# Fuji's next Medium Format "more affordable"



## Aglet (Sep 1, 2018)

It's been rumored that Fuji's rangefinder-style medium format offering, expected (announcement) sometime around Photokina will be a bit less expensive than the present GFX model.

Fujirumors GFX50R story

How much cheaper it can sell for will be interesting in the suddenly expanding market of full-frame mirrorless bodies.
Will it be considered anywhere near competitive, even if we don't consider the high price of Fuji's very good glass?


----------



## 3kramd5 (Sep 2, 2018)

Aglet said:


> How much cheaper it can sell for



Approximately the cost of an EVF?


----------



## Aglet (Sep 2, 2018)

uhmm... kinda looks like it has an EVF. A bit like the X-Ey series..
Probably no optical hybrid VF like the X-Pro series tho.



3kramd5 said:


> Approximately the cost of an EVF?


----------



## 3kramd5 (Sep 2, 2018)

The link talks about the cost of the sensor. I was responding to your “rangefinder” comment.


----------



## Aglet (Sep 2, 2018)

3kramd5 said:


> The link talks about the cost of the sensor. I was responding to your “rangefinder” comment.


Ahh. 

FWIW, I think there are more than a few people who'd love for that to be an OVF, fixed-lens rangefinder rig + a few more option permutations. 

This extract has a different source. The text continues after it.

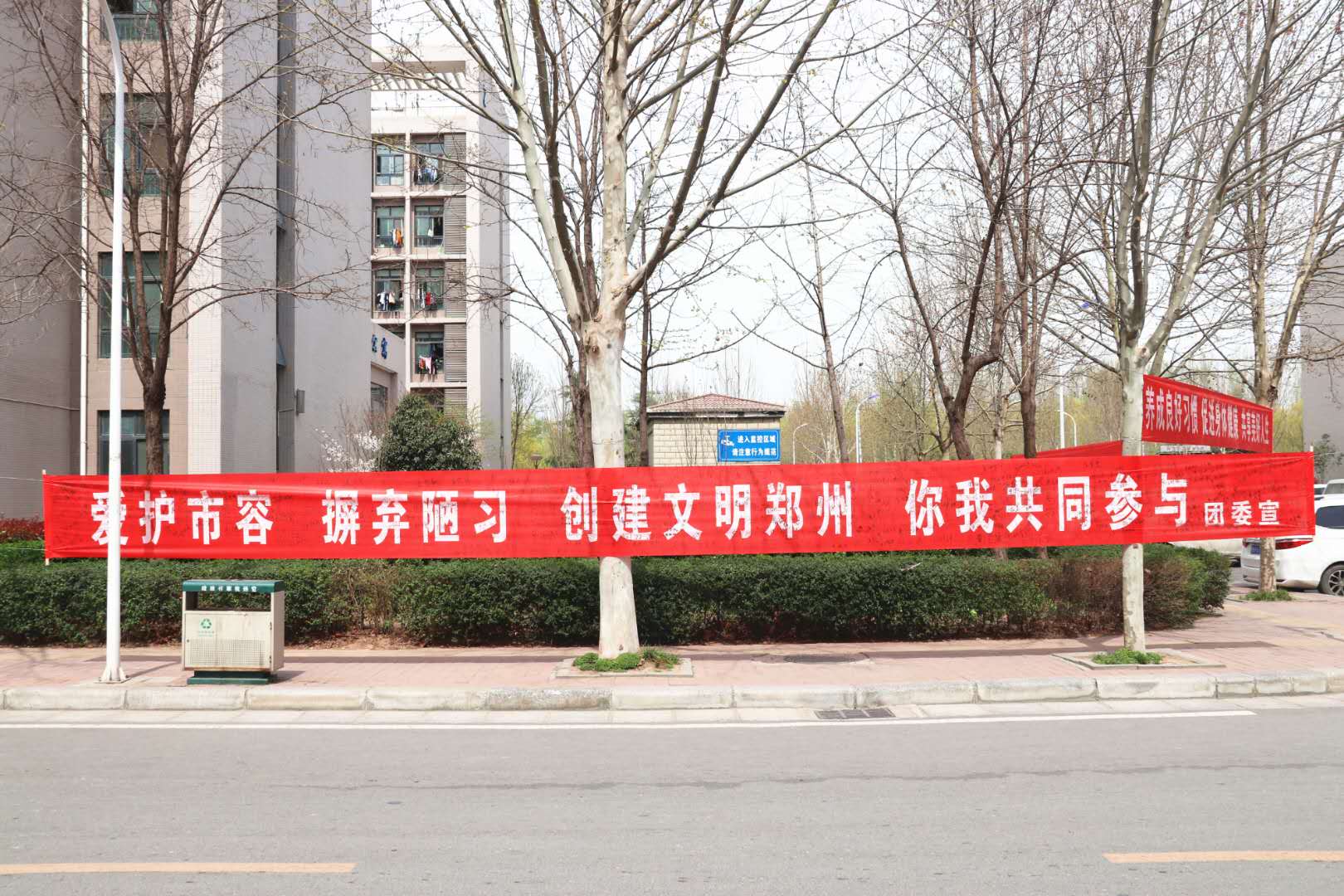 3月22日团委组织开展以“摒弃陋习,文明郑州”为主题的优化市容、争当文明市民宣传教育活动。

I am quite curious to see what, exactly, they will release and how they will position it in the market with the mainstream mfrs now putting out FF ML rigs.

We are fairly spoiled for choice these days but a lot of us are _still_ waiting for something closer to our ideal wish list.


----------



## moreorless (Sep 4, 2018)

Really though I would argue whats made recent efforts at major brand medium format less attractive than FF isn't the price of the body but rather than price of the lenses.


----------



## Aglet (Sep 4, 2018)

I agree. The MF lenses are _quite_ pricey for commonly used focal lengths.
However, if Fuji goes and provides a MF body, like this rumored one, at a price that's comparable to a high end DSLR, they might actually take a nibble of the market if they also provided some small, slow, "cheap" lenses to get one started with the system.
Let's just not detract from MF fantasies by bringing up optical-equivalence facts.


----------



## moreorless (Sep 7, 2018)

I wouldn't say there "quiet" pricey, there very pricey indeed relative to FF lenses whilst having some very limited specs. Makes me think the cheaper bodies are really more of a marketing tool sold at a loss(or a lower profit margin) that's clawed back with the lenses.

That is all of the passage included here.